Along the same lines, when he stretches his neck forward to brace against the contact, keep the contact the same and push him more forward into it. Right now, because you are so soft, he's just pulling through you and your hands are following his mouth forward allowing and rewarding it. When he does that, don't pull on his mouth, but close your hands and say "hey; this is a wall you cannot push past", and always always push him forward at the same time. 

His canter is sort of unbalanced; that's why the first transition sort of stumbles through a half trot half canter for a few strides. Really his canter doesn't get "balanced" til almost a whole time around the arena. If I had to guess, it looks like his canter was artificially slowed down for the show ring before he was ready; ie going slower should come from first being balanced, not from just changing the tempo. I think he needs to canter a little more forward to get balanced, and you need to sit up straighter and deeper to help him balance back on that hind end. Right now your seat is so light and leaning slightly forward, just sit your butt deeper and lift your upper body up; I like to think of myself as the pole on a carousel horse at the canter. 

The first walk-canter transition of the video was not good.

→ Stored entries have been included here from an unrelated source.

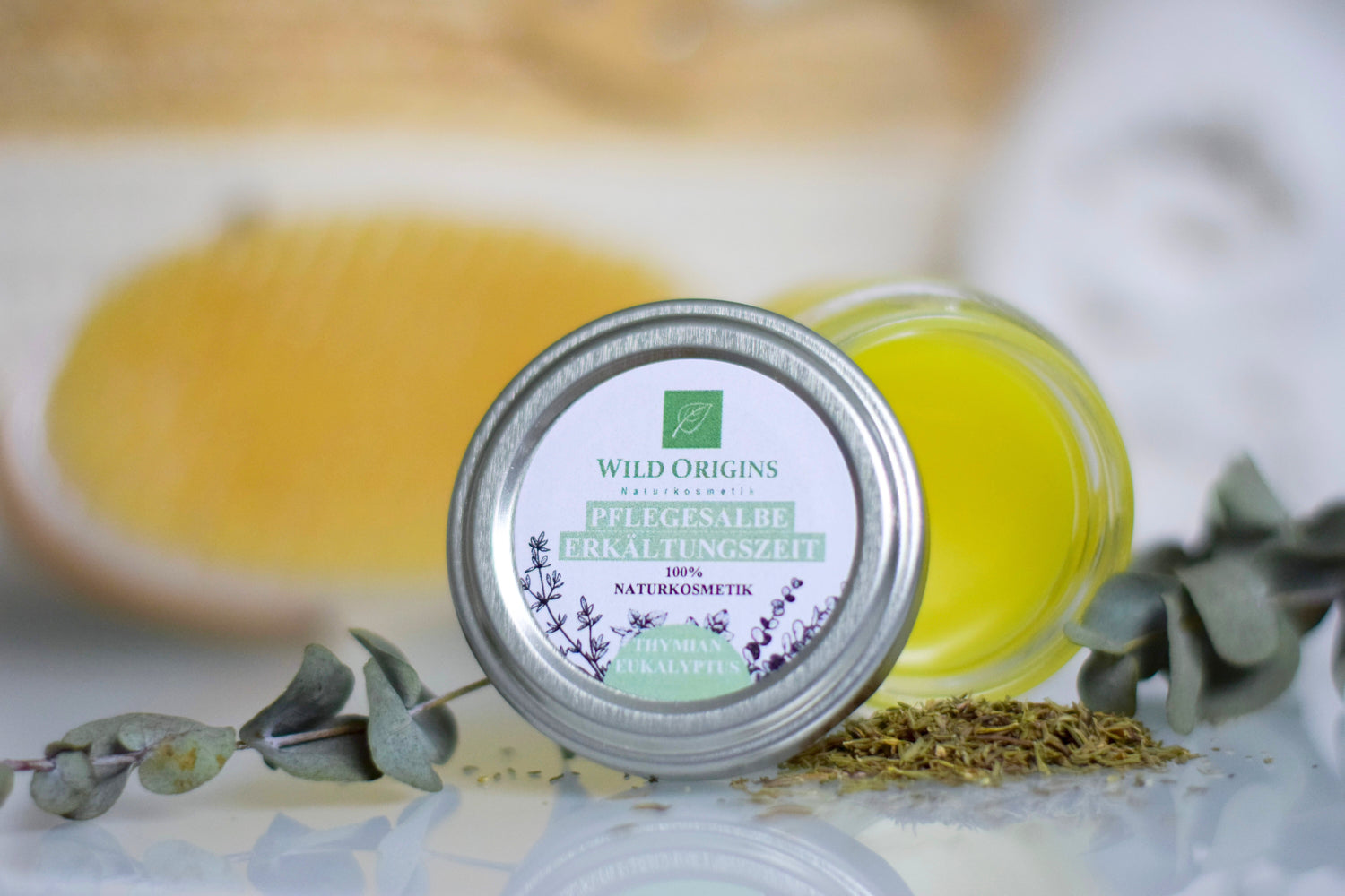 Die Pflegesalbe „Erkältungszeit“ ist eine wohltuende Pflege für die kalte Jahreszeit. Die Kombination aus Eukalyptusblattöl und Thymianextrakt ist für ihren angenehmen Duft bekannt und sorgt für ein entspannendes Gefühl, besonders an kühlen Tagen.
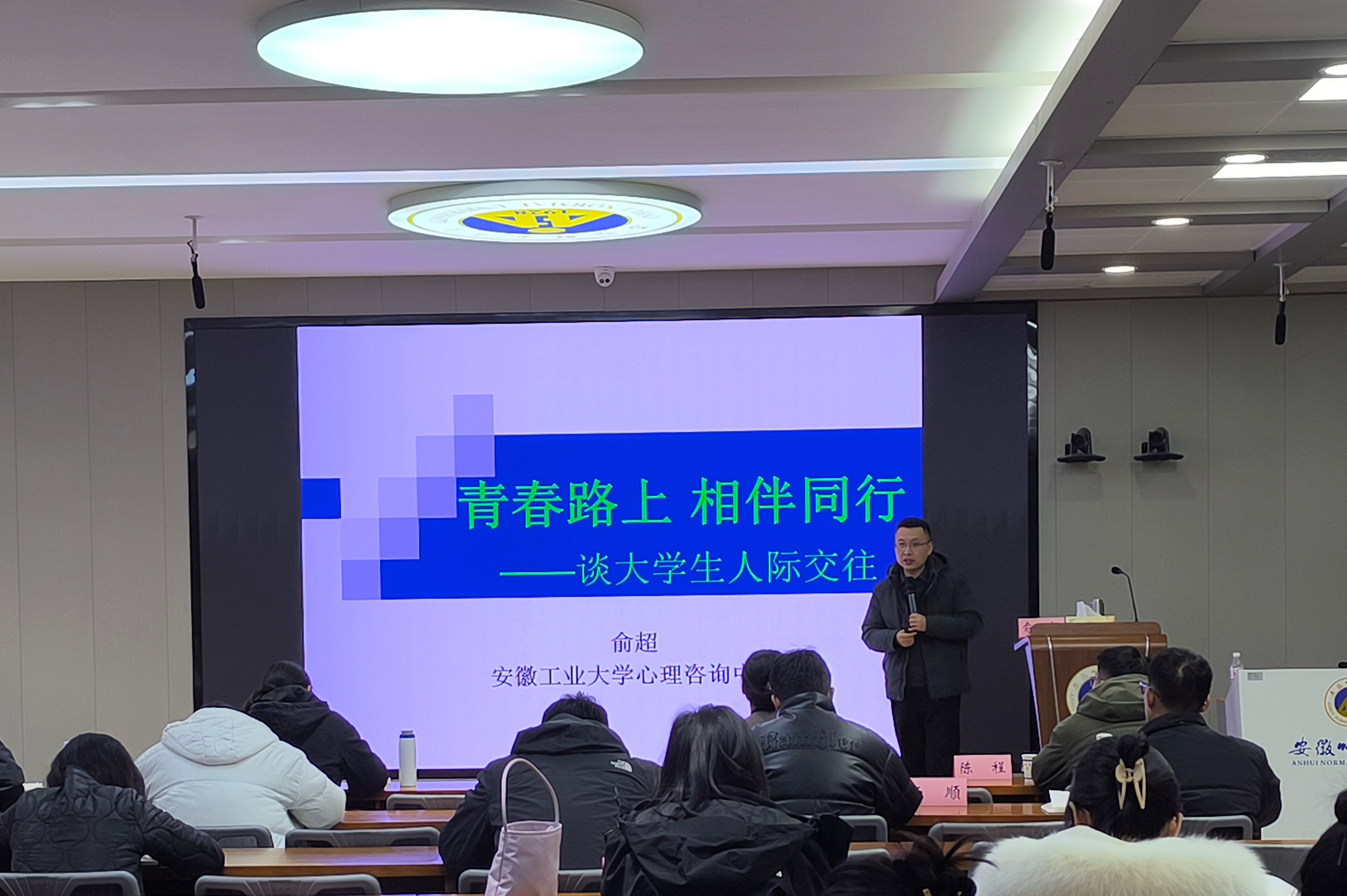 为深入贯彻“立德树人”根本任务,落实落细“心理护航”工作部署,扎实推进心理课程体系建设,着力提升课程教师教学能力,1月12-13日学生处在大学生活动中心107学生之家开展“心语面对面”第28-29期《大学生心理健康教育》课程教师专题培训。本次培训以“涵养生命能量,赋能心理课堂”为主题,特邀安徽省心理健康教育专家安徽工业大学管理科学与工程学院党委书记王军教授与学生处副处长俞超老师主讲,教研室全体教师参与培训。
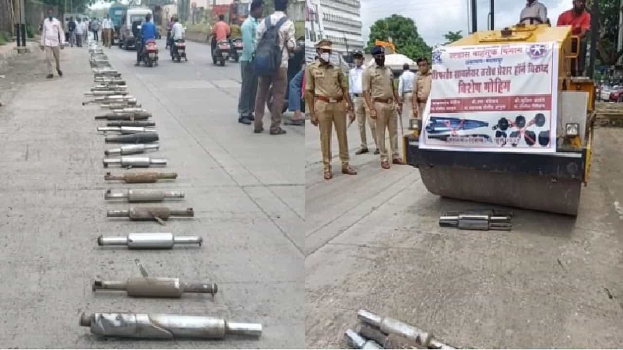 कानठळ्या बसवणाऱ्या मॉडिफाइड सायलेन्सरचा चुराडा, अंबरनाथमध्ये 150 सायलेन्सरवर रोडरोलर

You should feel walk-sit on hind end-lift shoulders up-and first stride of canter. If you let him take those rushed jumbled strides and let him continue cantering, you are basically saying "that was good, do that every time". In the first second of feeling the bad transition, you should stop, get him focused again in a good walk and re attempt. Again, it's probably because the canter is unbalanced, but I would not accept any transition that is not a prompt walk to canter and would re-do it until it was clean. Cantering on afterwards is the reward for a clean transition. Its quite easy to teach this to a horse like this, because their front end is naturally lifted, it'll just take a little work. 

Really, you are on the right track. Your body flows with the horse well, just work on making more corrections to guide him more, rather than being a good riding passenger. I have no experience with gaited stuff, sorry!


----------